Wednesday, January 20, 2010

Real Moms... Real Jesus Chapter 2

The Truth About Worship

Jesus gets moms. I always knew he understood me, but now I know that he "gets" me. This book has been great and really shown me significant parallels between my ministry as a mother and Jesus' ministry. Jesus knew what it was like for people to constantly need him. Yet, it didn't seem to bother him the way it can get to me sometimes. It's because Jesus had the right perspective. Everything he did was an act of worship to the Father.

The point that really struck me in this chapter is that worry is the worship of our circumstances! Woah. Stop for a second. How often do I worry about things that are going on in my life? Um, a lot. How often am I praising God for everything He's doing for me? Not enough. I have been worshiping my problems! Yikes! That really puts things into perspective for me. I need to continue to be faithful in reading my Bible so that I can keep things in the right perspective every day. I need to remember that doing my daily tasks, even changing diapers and taking out the trash, are worship if I have the right perspective.

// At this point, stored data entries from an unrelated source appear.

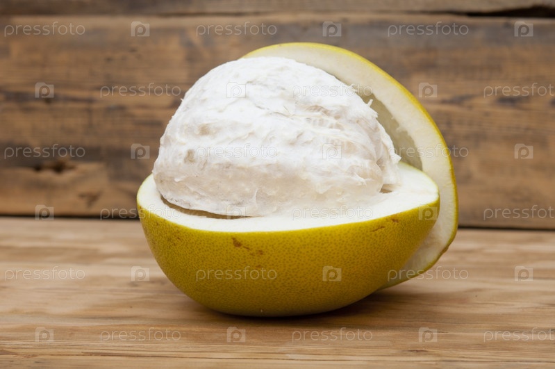 Помело на старом деревянном столе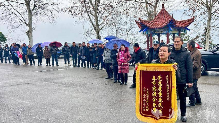 2025年2月20日,正月廿三,春雨润如酥。王英镇政府大院里,西源片五个村的50余名群众自发集结,敲锣打鼓,将一面写着“党恩厚重惠民生,春节客渡全免费”的锦旗郑重地送到镇党委书记孔祥鹏和镇长卢晓的手中。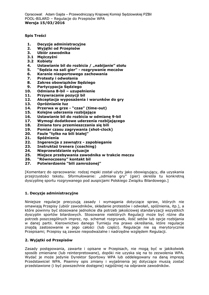 Opracował: Adam Gajda – Przewodniczący Krajowej Komisji Sędziowskiej PZBil POOL-BILARD – Regulacje do Przepisów WPA Wersja 15/03/2016 Spis Treści 1. 2. 3. 3.1 3.2 4. 5. 6. 7. 8. 9. 10. 11. 12. 13. 14. 15. 16. 17. 18. 19. 20. 21. 22. 23. 24. 25. 26. 27. Decyzje administracyjne Wyjątki od Przepisów Ubiór zawodnika Mężczyźni Kobiety Ustawianie bil do rozbicia / „nabijanie” stołu “Sędzia na sali gier” - rozgrywanie meczów Karanie niesportowego zachowania Protesty i odwołania Zakres obowiązków Sędziego Partycypacja Sędziego Odmiana 8-bil – uzupełnienie Przywracanie pozycji bil Akceptacja wyposażenia i warunków do gry Opróżnianie łuz Przerwa w grze - “czas” (time-out) Kolejne uderzenia rozbijające Ustawianie bil do rozbicia w odmianę 9-bil Wymogi dodatkowe uderzenia rozbijającego Zmiana toru przemieszczania się bili Pomiar czasu zagrywania (shot-clock) Faule “tylko na bili białej” Spóźnienia Ingerencja z zewnątrz - zapobieganie Instruktaż trenera (coaching) Nieprzewidzianie sytuacje Miejsce przebywania zawodnika w trakcie meczu “Równoczesny” kontakt bil Potwierdzenie “bili zamrożonej” [Komentarz do opracowania: rodzaj męski został użyty jako obowiązujący, dla uzyskania przejrzystości tekstu. Sformułowanie: „odmiana gry” (gier) określa tu konkretną dyscyplinę sportu rozgrywanego pod auspicjami Polskiego Związku Bilardowego.] 1. Decyzje administracyjne Niniejsze regulacje precyzują zasady i wymagania dotyczące spraw, których nie omawiają Przepisy (ubiór zawodników, składanie protestów i odwołań, spóźnienia, itp.), a które powinny być stosowane jednolicie dla potrzeb jakościowej standaryzacji wszystkich dyscyplin sportów bilardowych. Stosowanie niektórych Regulacji może być różne dla potrzeb poszczególnych imprez, np. schemat rozgrywek, ilość setów lub opcje rozbijania w danej partii. Kierownictwo danego Turnieju ma prawo określania, które regulacje znajdą zastosowanie w jego całości (lub części). Regulacje nie są merytorycznie Przepisami; Przepisy są zawsze niepodważalne i nadrzędne względem Regulacji. 2. Wyjątki od Przepisów Zasady postępowania, zawarte i opisane w Przepisach, nie mogą być w jakikolwiek sposób zmieniane (lub reinterpretowane), dopóki nie uzyska się na to zezwolenia WPA. Wydać je może jedynie Dyrektor Sportowy WPA lub oddelegowany na daną imprezę Przedstawiciel WPA. Pisemny opis zmiany i wyjaśnienia jej dotyczące muszą zostać przedstawione (i być powszechnie dostępne) najpóźniej na odprawie zawodników. Opracował: Adam Gajda – Przewodniczący Krajowej Komisji Sędziowskiej PZBil 3. Ubiór zawodnika Ubiór zawodnika musi zawsze spełniać wymogi rangi zawodów; musi być czysty, odpowiedni, w zadbanym stanie. Jeśli zawodnik nie jest pewien prawidłowości swego stroju powinien on skonsultować swe wątpliwości z Dyrektorem Turnieju, którego opinia jest wiążąca i ostateczna. W sytuacjach wyjątkowych Dyrektor Turnieju może dopuścić warunkowo nieodpowiedni strój np. po zagubienie bagażu w trakcie podróży lotniczej. Za niedostosowanie swego stroju do wymogów turnieju zawodnik może być zdyskwalifikowany. Jeśli odpowiednie zarządzenie nie stanowi inaczej, wymagania niniejszych Regulacji są obowiązujące. Poniżej znajdują się opisy określające poprawny strój zawodnika w zawodach rozgrywanych pod auspicjami WPA i zrzeszonych organizacji. 3.1 Mężczyźni Obowiązuje koszula lub koszulka typu “polo”, dowolnego koloru i z przynajmniej krótkim rękawem; muszą być one czyste, zadbane i w dobrym stanie. Przez cały czas trwania turnieju koszula (lub koszulka) musi być wsunięta w spodnie. Koszulki typu „T-shirt” są zabronione. Obowiązują długie, wizytowe spodnie; muszą być one czyste, zadbane i w dobrym stanie; kolor spodni jest nieistotny. Dżinsy i sztruksy są zabronione; jednakże dopuszczalny jest dżinsowy krój spodni. Obuwie musi spełniać wymogi wizytowego i pasować do reszty ubioru. Tenisówki, sandały, itp. są zabronione. Obuwie stylizowane na styl sportowy (tylko jednolite, wykonane ze skóry lub materiałów skóropodobnych) może być używane, ale tylko, jeśli bezwarunkowo spełnia wymogi akceptowalnego jako wizytowe; ocena Dyrektora Turnieju jest w tej kwestii wiążąca i ostateczna. 3.2 Kobiety Obowiązuje wizytowa bluzka, sukienka, koszula lub koszulka typu “polo” z rękawem; muszą być one schludne, zadbane i zakrywające ramiona. Koszulki typu „T-shirt” są zabronione. Obowiązują długie, wizytowe spodnie; muszą być one czyste, zadbane, w dobrym stanie; kolor spodni jest nieistotny. Dozwolone jest noszenie spódnicy, jednakże musi ona zakrywać kolana. Dżinsy i sztruksy są zabronione; jednakże dopuszczalny jest dżinsowy krój spodni. Obuwie musi spełniać wymogi wizytowego i pasować do reszty ubioru. Tenisówki, sandały, itp. są zabronione. Obuwie stylizowane na styl sportowy (tylko jednolite, wykonane ze skóry lub materiałów skóropodobnych) może być używane, ale tylko, jeśli bezwarunkowo spełnia wymogi akceptowalnego jako wizytowe; ocena Dyrektora Turnieju jest w tej kwestii wiążąca i ostateczna. 4. Szablon do ustawiania bil 4.Szablon Szablon może być używany do odmian gry: 8-bil, 9-bil, i 10-bil. Zabroniony jest do odmiany 14/1. 4.1 Układanie szablonu Stół musi być oznaczony przez rozpoczęciem zawodów: lina pionowa musi być namalowana dla ułożenia szablonu. Linia musi być wystarczająco długa, by przechodziła przez dolny i górny otwór w szablonie. 4.2 Usuwanie szablonu Po rozbiciu, szablon musi być usunięty ze stołu przez sędziego tak szybko jak to możliwe bez poruszenia żadnej bili. Jeśli sędzia nie jest obecny przy stole, a bile utrudniają zdjęcie szablonu, przeciwnik musi być obecny przy stole, żeby usunąć szablon. Jeśli nie ma przeszkód, zawodnik przy stole może usunąć szablon bez ingerencji przeciwnika. Z obe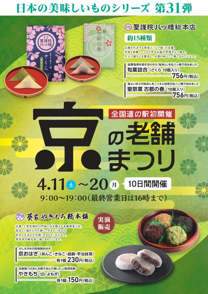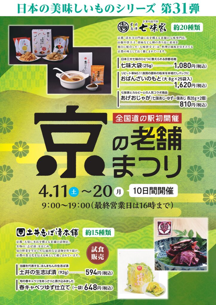 2026年3月27日 お知らせイベント 【4月11日(土)~20日(日) 初開催】京の老舗まつり ◆お問合せ 農畜産物等販売所 なつぞら市場 TEL:0155-65-0931(営業時間 9:00~18:00)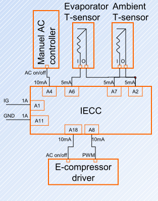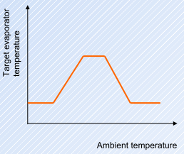 Zwei Temperatursensoren sorgen für optimale Leistungsregelung. Die Drehzahl wird auf die Verdampferausblastemperatur geregelt. Diese Verdampfertemperatur kann in Abhängigkeit von der Umgebungstemperatur unterschiedlich sein.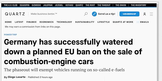 France24, Quartz, and the Wall Street Journal (paywall-free link) report that the EU abandoned its much-ballyhooed transition to electric cars, which was supposed to culminate with a total ban on gasoline cars in 2035.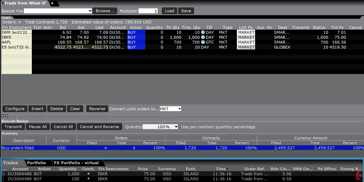 A single order will populate the pending tab in Classic TWS. If you are trading multiple instruments the TWS BasketTrader will pop up on the screen populated with the orders necessary to replicate the hypothetical position you created in the what-if. Notice that the total quantity of the stock orders are not for buying 1,000 but for the appropriate size to make the overall position in my portfolio equal 1,000 of each. You can adjust the size, order type, time in force and destination for the order from the BasketTrader as well. When ready, click Transmit for each individual order or click Transmit in the Execute Basket section toward the bottom left of the BasketTrader to send all orders at once. You can check the progress of the orders in the Summary area.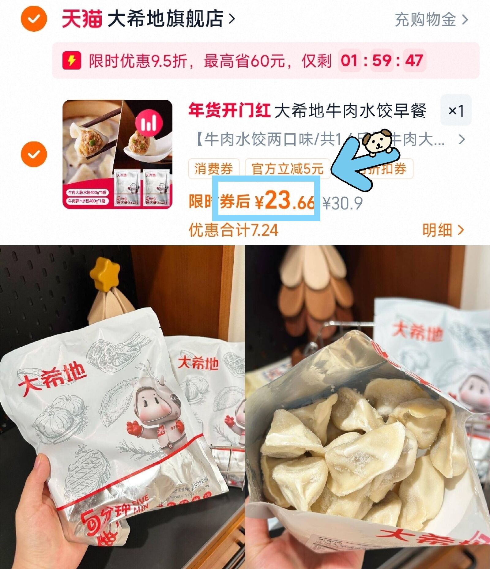 大希地牛肉馅水饺400g*2袋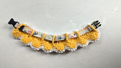 This pattern makes a decorative sleeve with a scalloped bottom edge and contrast border for a small cat or dog collar. The sleeve has loops on the back side which enable it to be worn over an existing collar.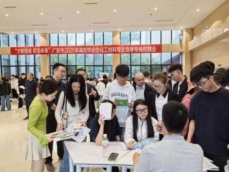 为深入贯彻党的二十大精神,切实做好学院2025届未就业、2026届毕业生就业工作,促进毕业生高质量就业,4月29日,由广安市人力资源与社会保障局、taptap点点体育、广安经开区市域产教联合体共同主办的“才聚賨城 职引未来”广安市2025年高校毕业生化工材料专业春季专场招聘会在格致楼一楼举行。招聘会由taptap点点体育、招生就业处共同承办,共邀请了省内外19家规上企业参加,提供化工材料领域就业岗位420个。学院部分2025届未就业学生、2026届全体毕业生参加,现场气氛热烈。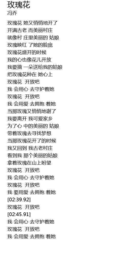 | [01:38.94] | 当那玫瑰又悄悄地谢了 |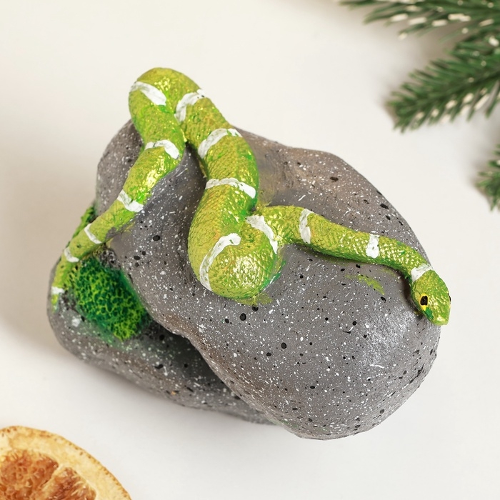 Новый год. Символ 2025. Фигура "Змея на камне" цветная, 8х11,5см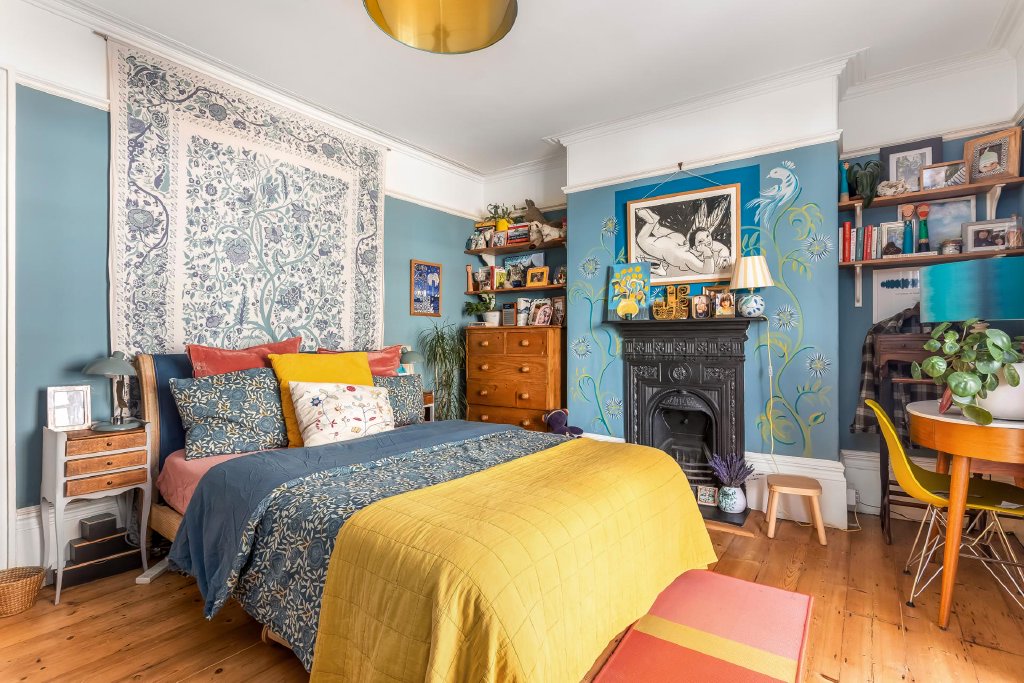 Farrow and Ball Inchyra Blue painted walls and soft oatmeal carpet are in the adjacent bedroom, chimney breast alcoves add to the floor space and a sash window offers views of the Brighton rooftops.

I have several things that can become false idols to me, mostly money, worry in general and my health. I have been getting better at conquering these things through having my daily quiet time. It allows me to start my day off calmly and give all my worries to God instead of carrying them with me all day. It's wonderful!

There are so many things that I do as a mother that can be an act of worship if I let them, loading and unloading the dishwasher (yay for dishwashers!), wiping off the counters & table, picking up toys, reading to my son, doing laundry, cooking, running around to therapy and doctor's appointments and even doing laundry. For me, I really struggle with cooking and changing diapers right now. I just don't have the motivation or knowledge base to cook well (I think). I am also really struggling with the diapers right now. Our son is at an age where he could potty train if he desired, but he's just not ready yet. I am having a hard time being patient with him and waiting for his timing. I will pray about these thing and ask that the Lord will give me patience, wisdom and perseverance to overcome them. :)

I think that the addiction I struggle with most right now is the computer! I love how easy it makes it to stay connected with friends, fellowship with other women, check the news and weather, find out my account balance and play games. I find myself seated at the computer a lot throughout the day, sometimes at the expense of spending time with my son. I need to be better about making sure he's getting the attention that he deserves and needs from me.

Take a listen to the song "God Shaped Hole" by Plumb. What have you been using to try and fill the void?